▶ Brief
Output every line below as it stands, dropping only the images.

▶ Input data

=== Begin Enclosure ===

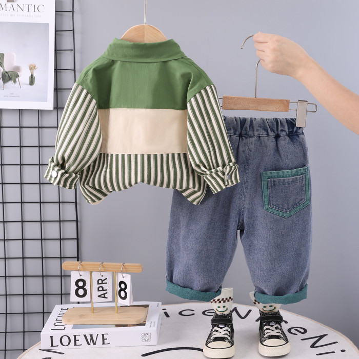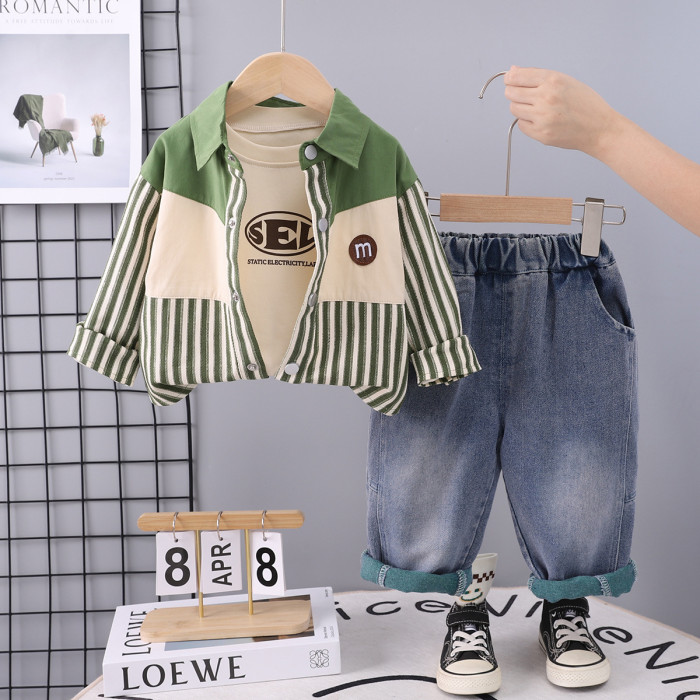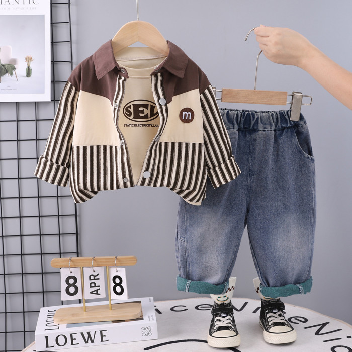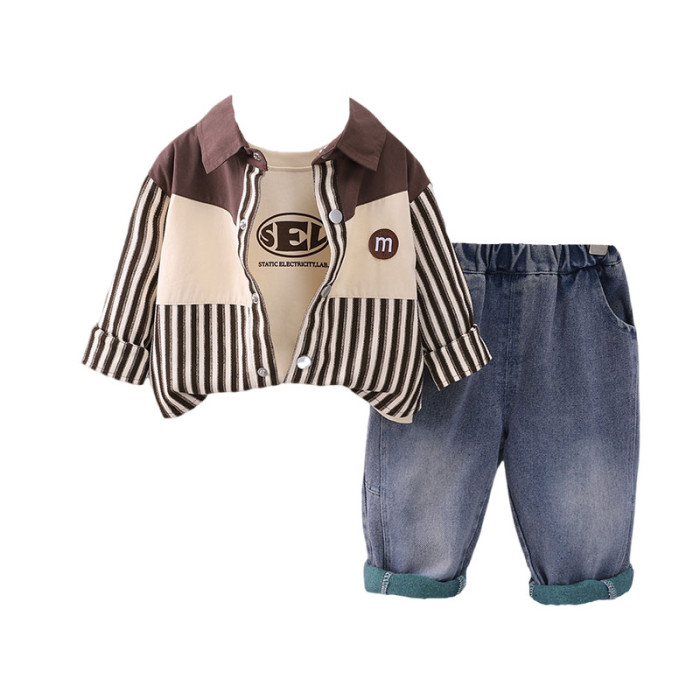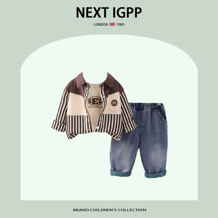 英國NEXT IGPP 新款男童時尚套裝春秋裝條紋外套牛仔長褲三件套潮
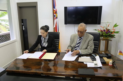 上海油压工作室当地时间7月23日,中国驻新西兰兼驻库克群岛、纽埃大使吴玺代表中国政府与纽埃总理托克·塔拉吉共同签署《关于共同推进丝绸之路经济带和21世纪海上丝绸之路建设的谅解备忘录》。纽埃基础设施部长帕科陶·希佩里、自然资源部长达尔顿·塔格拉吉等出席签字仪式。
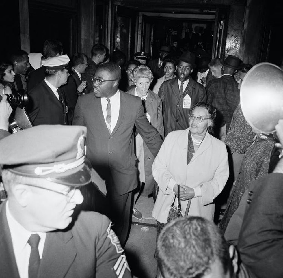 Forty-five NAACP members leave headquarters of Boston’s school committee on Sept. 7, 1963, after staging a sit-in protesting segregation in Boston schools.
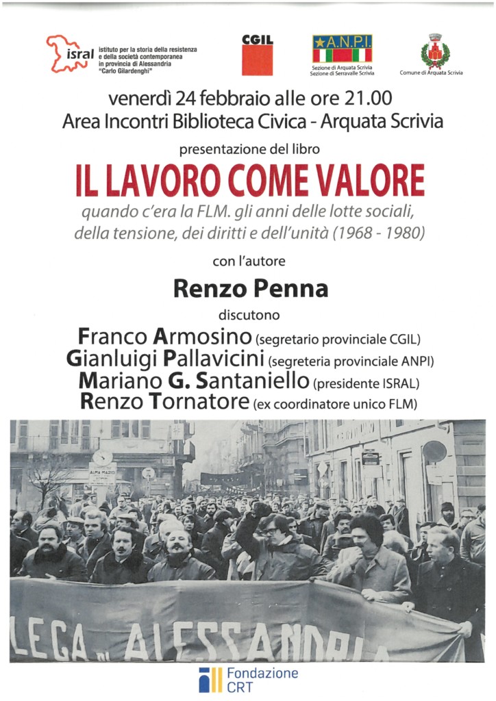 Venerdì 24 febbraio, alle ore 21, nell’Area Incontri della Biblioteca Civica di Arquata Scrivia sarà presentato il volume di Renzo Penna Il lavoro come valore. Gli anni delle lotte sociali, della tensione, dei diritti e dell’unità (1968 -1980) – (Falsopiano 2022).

=== End Enclosure ===

▶ Answer below
 英國NEXT IGPP 新款男童時尚套裝春秋裝條紋外套牛仔長褲三件套潮
 上海油压工作室当地时间7月23日,中国驻新西兰兼驻库克群岛、纽埃大使吴玺代表中国政府与纽埃总理托克·塔拉吉共同签署《关于共同推进丝绸之路经济带和21世纪海上丝绸之路建设的谅解备忘录》。纽埃基础设施部长帕科陶·希佩里、自然资源部长达尔顿·塔格拉吉等出席签字仪式。
 Forty-five NAACP members leave headquarters of Boston’s school committee on Sept. 7, 1963, after staging a sit-in protesting segregation in Boston schools.
 Venerdì 24 febbraio, alle ore 21, nell’Area Incontri della Biblioteca Civica di Arquata Scrivia sarà presentato il volume di Renzo Penna Il lavoro come valore. Gli anni delle lotte sociali, della tensione, dei diritti e dell’unità (1968 -1980) – (Falsopiano 2022).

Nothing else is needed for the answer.